- How to complete this task: Copy only what lies from the line containing "Samsung Galaxy Note" through the line containing "- Multiple Ports: Both" in the entries below, keeping both end lines exact and dropping every picture.

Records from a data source
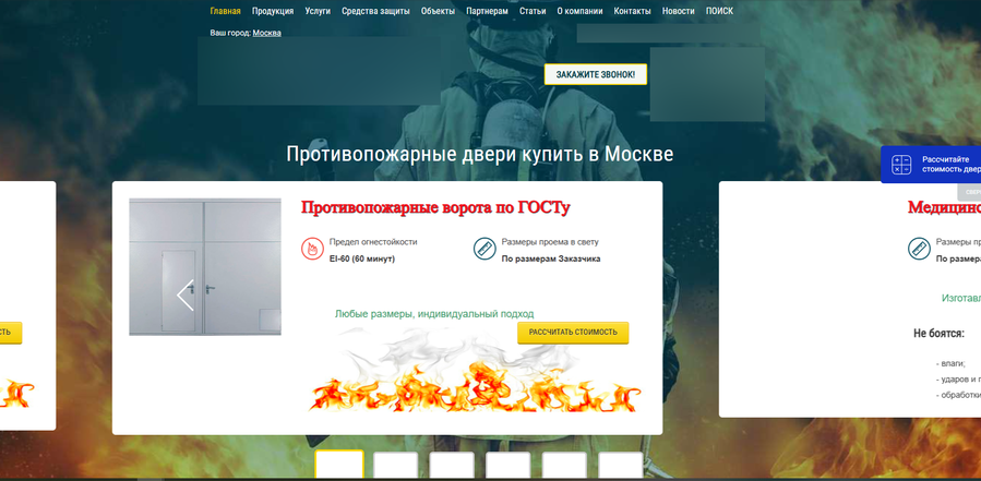 Компания — производитель противопожарных конструкций, работающий преимущественно с оптовыми клиентами и строительными подрядчиками. Сайт совмещает каталог и лендинг услуг — важно не просто показать ассортимент, а дать возможность рассчитать стоимость, заказать консультацию и оформить заявку в один клик.
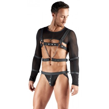 A captivating look with lots of extras! The black set from Svenjoyment BONDAGE contains a crop top, ..
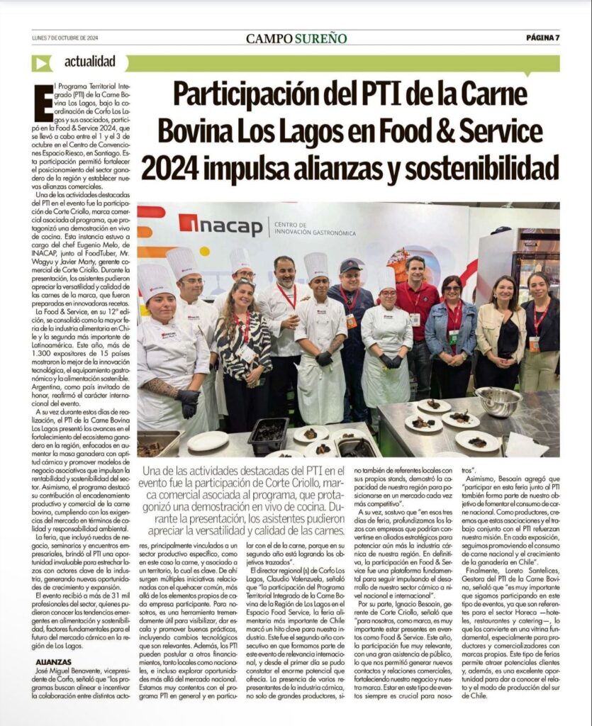 El Austral El Diario de Osorno – Campo Sureño Una de las actividades destacadas del PTI en el evento fue la participación de Corte Criollo, marca comercial asociada al programa, que protagonizó una demostración en vivo de cocina. Durante la presentación, los asistentes pudieron apreciar la versatilidad y calidad de las carnes. El Programa Territorial […]
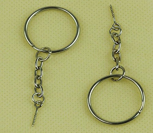 YOYOSTORE 50 Silver Tone Round 24mm Split Key Ring Keychain W/attached Extend Chain Eye Screw Eye Pin Bails Top Drilled Connectors Pendant Bail
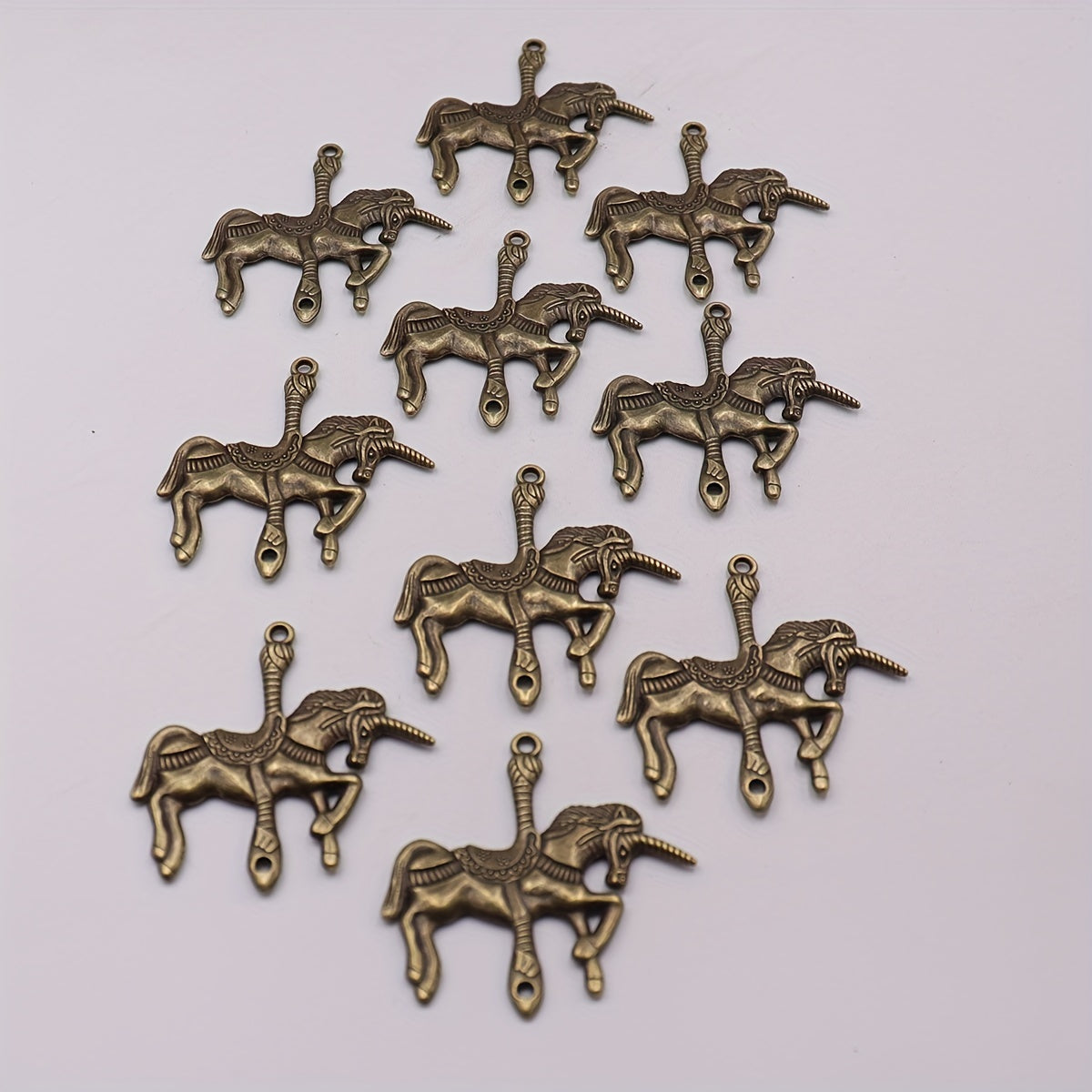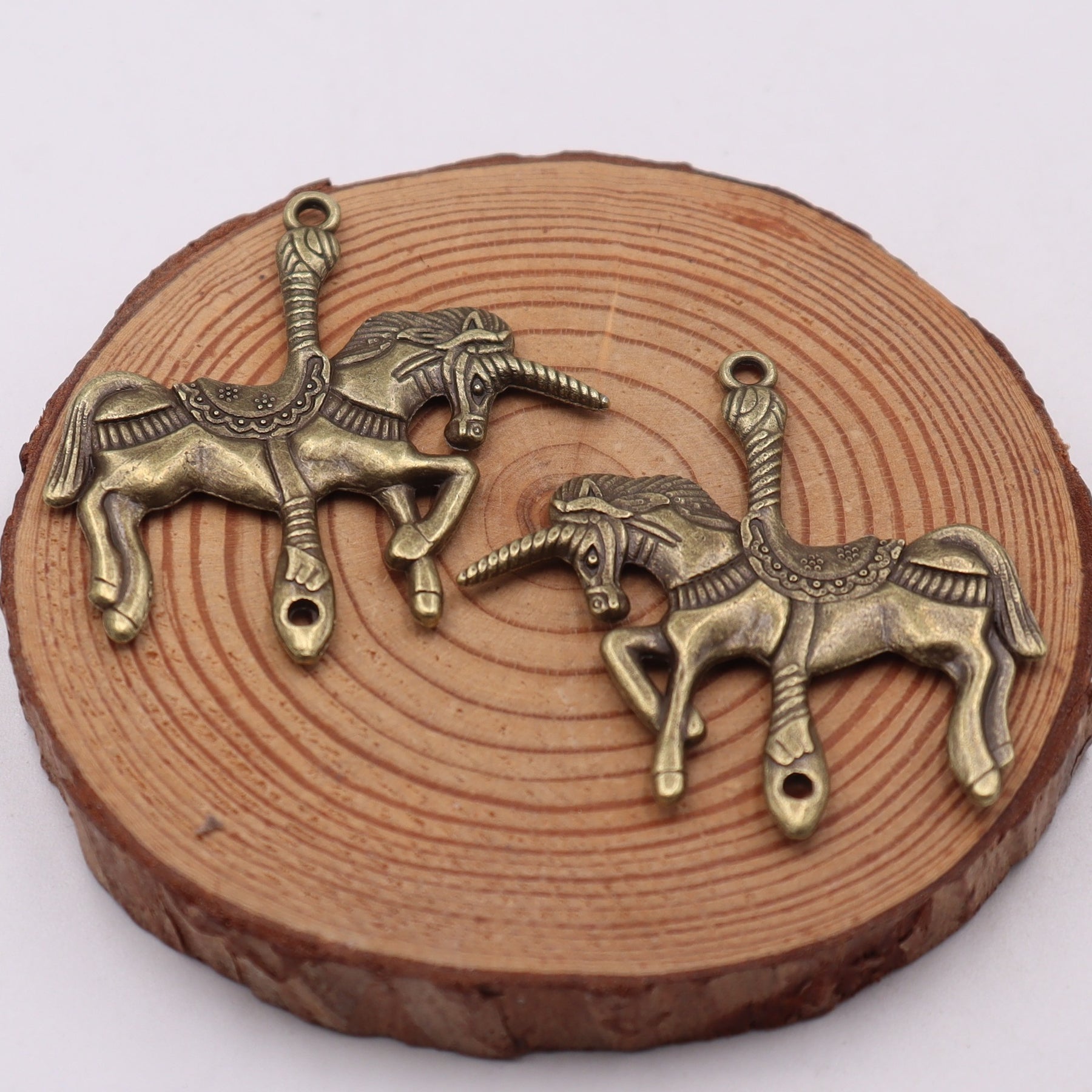 This set includes 10pcs of alloy antique bronze double hanging unicorn pendants, perfect for making unique jewelry pieces. Each pendant measures 4.1x1.69 inches.
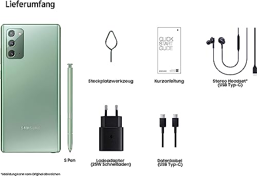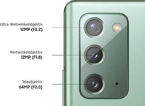 Samsung Galaxy Note 20 5G Smartphone ohne Vertrag 256 GB Speicher, Triple Kamera 64MP, Infinity-O Display, 4300 mAh Akku, Android 10 to 13 – Deutsche Version (Grün)
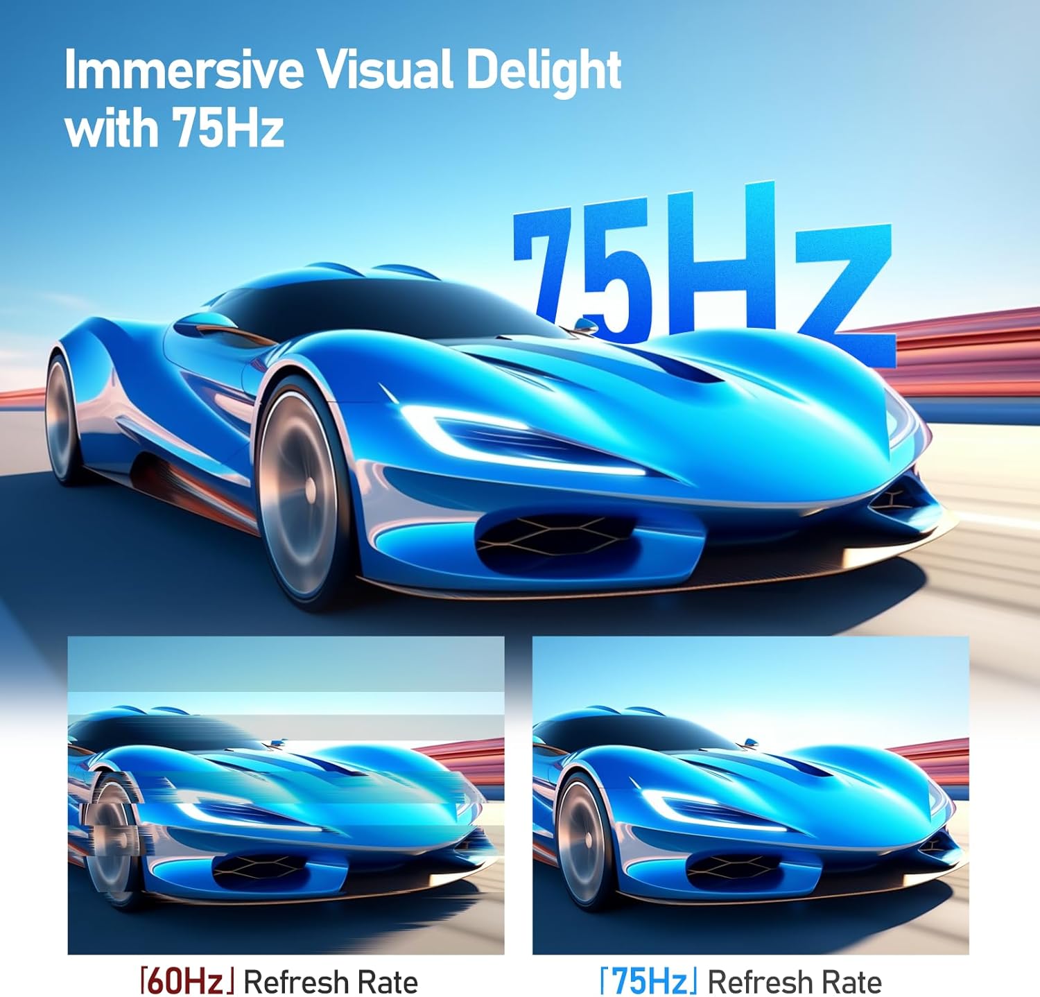 - Multiple Ports: Both HDMI and VGA ports offer a refresh rate of up to 75HZ to deliver sharper action game sequences and graphics clarity for graphic design projects
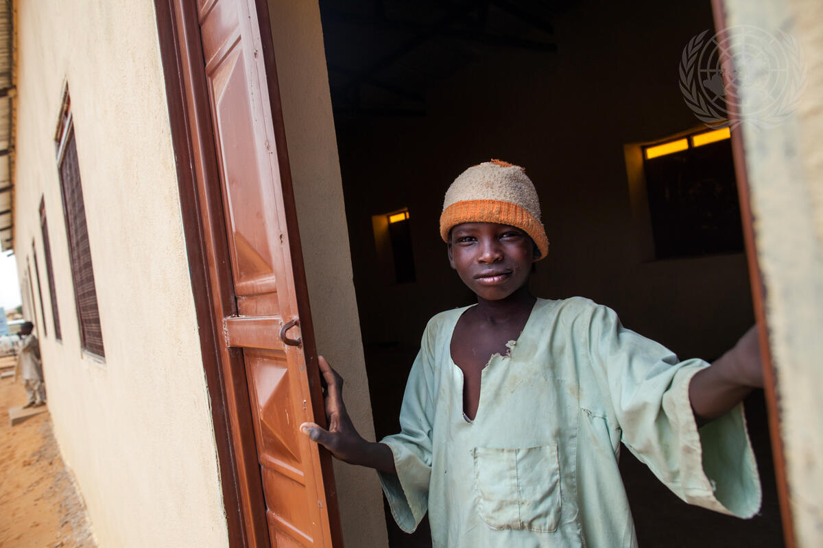 Adam Ali, 10, looks out from one of the two new classrooms built by the African Union – United Nations Mission in Darfur (UNAMID) at the Secondary School for Boys in Um Baro, North Darfur. UNAMID took on the project in March 2013 to give some 700 students a better space to learn, as some of the classrooms in the school had been deteriorating since they were built in 1969. The project was implemented by the civilian police.
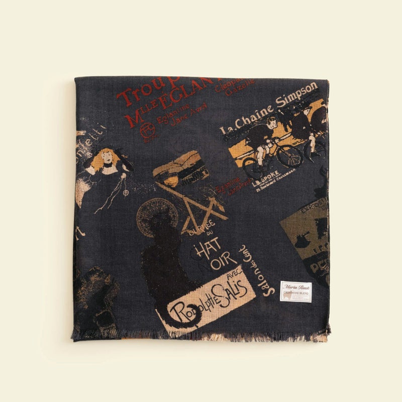 フランスの有名な画家ロートレックの絵をアレンジして作られた日本製のストール。Maria Roukのシルクスカーフ作成に使用される捺染技術を応用し、同じ技法でプリントしております。内モンゴル自治区で採れるウールとカシミヤをブレンドした天然繊維生地を使用しておりますので、暖かさを保ちながらも通気性を備えており、快適にご着用いただけます。折りたたむとコンパクトになりますので、旅行や日常の持ち運びにも便利です。季節を問わず使える素材感により、オフィスや映画館の冷房対策にも役立ちます。落ち着いた配色のストールは、コーディネートにも馴染みやすく、お洒落のアクセントとしてもご活用いただけます。また、ご自宅で手洗いが可能なので、お手入れも簡単です。
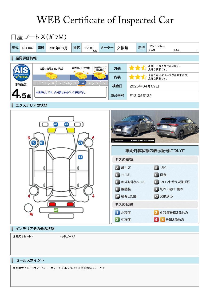 「車両状態証明書」は、査定協会監修のプロの検査員が公正かつ確かな基準で検査した”安心の証”です。
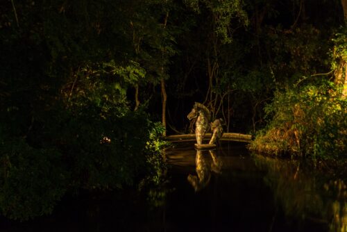 Horse sculpture located in the art and nature forest at Diyabubula. This image taken at the night has captured the water, greenery of the forest and the beautiful golden sculpture

- Output of the exercise:
 Samsung Galaxy Note 20 5G Smartphone ohne Vertrag 256 GB Speicher, Triple Kamera 64MP, Infinity-O Display, 4300 mAh Akku, Android 10 to 13 – Deutsche Version (Grün)
 - Multiple Ports: Both HDMI and VGA ports offer a refresh rate of up to 75HZ to deliver sharper action game sequences and graphics clarity for graphic design projects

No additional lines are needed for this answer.